Finalmente, TIG también recibió apoyo del Estado, no tanto como los casos anteriores, pero sí favoreció la instalación de la industria, pues también exoneró de impuestos la construcción de la planta, la cual produce alrededor de 270 mil toneladas anuales de paneles de madera y 180 toneladas de madera de troza para celulosa. Además la CTN genera excedente de energía base a sus desechos de biomasa, aportando unos 10 Megawats a la red eléctrica que son comprados por la empresa estatal de energía.

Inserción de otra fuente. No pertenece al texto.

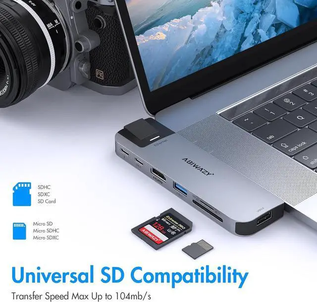 SD & Micro SD Card Readers: With this macbook pro sd card reader,you can conveniently browse photos instantly on your USB-C smartphones/laptops and download hundred photos in seconds to your macbook laptop with highest speed up to 100MB/S. Also this Macbook Air sd card adapter support SD & TF work simultaneously

Por último, es importante mencionar que si bien el Estado ha facilitado la instalación de las tres CTN, lo que ha generado un impulso directamente al sector, también ha contribuido a la construcción de las terminales portuarias marítimas y fluviales, junto con el mantenimiento de las principales carreteras y vías férreas. Para el caso de los puertos, existen dos modalidades de beneficio, el primero, es todo lo referente a las autorizaciones y permisos de construcción junto con la normativa específica establecida para la construcción de los puertos, principalmente el de Conchillas, Fray Bentos y Montevideo. La segunda es la realización y ejecución de la inversión física que el propio Estado realiza, este es el caso del Puerto de la Paloma en el departamento de Rocha. En relación a los ejes viales, se debe considerar que el sector silvícola se caracteriza por transportar millones de toneladas anuales por las diferentes vías de comunicación, lo que ha impactado de forma directa en el deterioro de las carreteras. En este sentido, el Estado invirtió en el período de gobierno (2015-2019) un 0.4 % del PBI destinado exclusivamente en el mantenimiento y la recuperación de la infraestructura vial (carreteras y puentes) (Ley 19.355, 2015). En definitiva, el desarrollo de los megaproyectos de la silvicultura abarca el proyecto del capital en todas sus fases -plantaciones silvícolas y agroindustria-, sino que además involucra una serie de infraestructura asociada, que van desde puertos fluviales y marítimos, vías de comunicación (viales y férreas) y centrales termoeléctricas, produciendo un espacio de acumulación de carácter estratégico. 

A modo de reflexión

Este proceso de crecimiento y consolidación del sector tuvo un fuerte impacto en la economía nacional que sirvió, junto con otras políticas, a mejorar la recaudación de un Estado casi fundido luego de la crisis del año 2002. A su vez, permitió tener “caja” y así mediante una política distributiva se logro sacar a miles de personas de la pobreza e indigencia. Ahora bien, está política se forjó en base a dos pilares fundamentales, una dependencia del capital transnacional y una intensificación de la producción que atenta contra nuestra base material, siendo esta el soporte de la reproducción social y natural de nuestra sociedad. Por tanto, en base a la consolidación de un modelo que lleva más de 30 años, surgen algunas interrogantes ¿Qué margen de maniobra tiene el Estado para establecer una nueva política agraria? ¿Se puede afirmar que un gobierno sea de izquierda cuando favoreció directamente la acumulación de capital de las empresas transnacionales? ¿Está política económica implementada sirve de base para dar un cambio cultural que incida sobre la clase dominante, o más bien profundiza las relaciones sociales de dominación capitalista? ¿Por qué no existe un modelo económico, social y ambiental en el Uruguay que tenga una fuerte raíz socialista? En estos tiempos de cambios sin dudas que el progresismo es la alternativa a la derecha liberal, conservadora y neofasista, pero al mismo tiempo creo que estamos muy lejos de sentar las bases para un cambio real y profundo de nuestras relaciones de explotación, dominación, sometimiento, despojo y enajenación.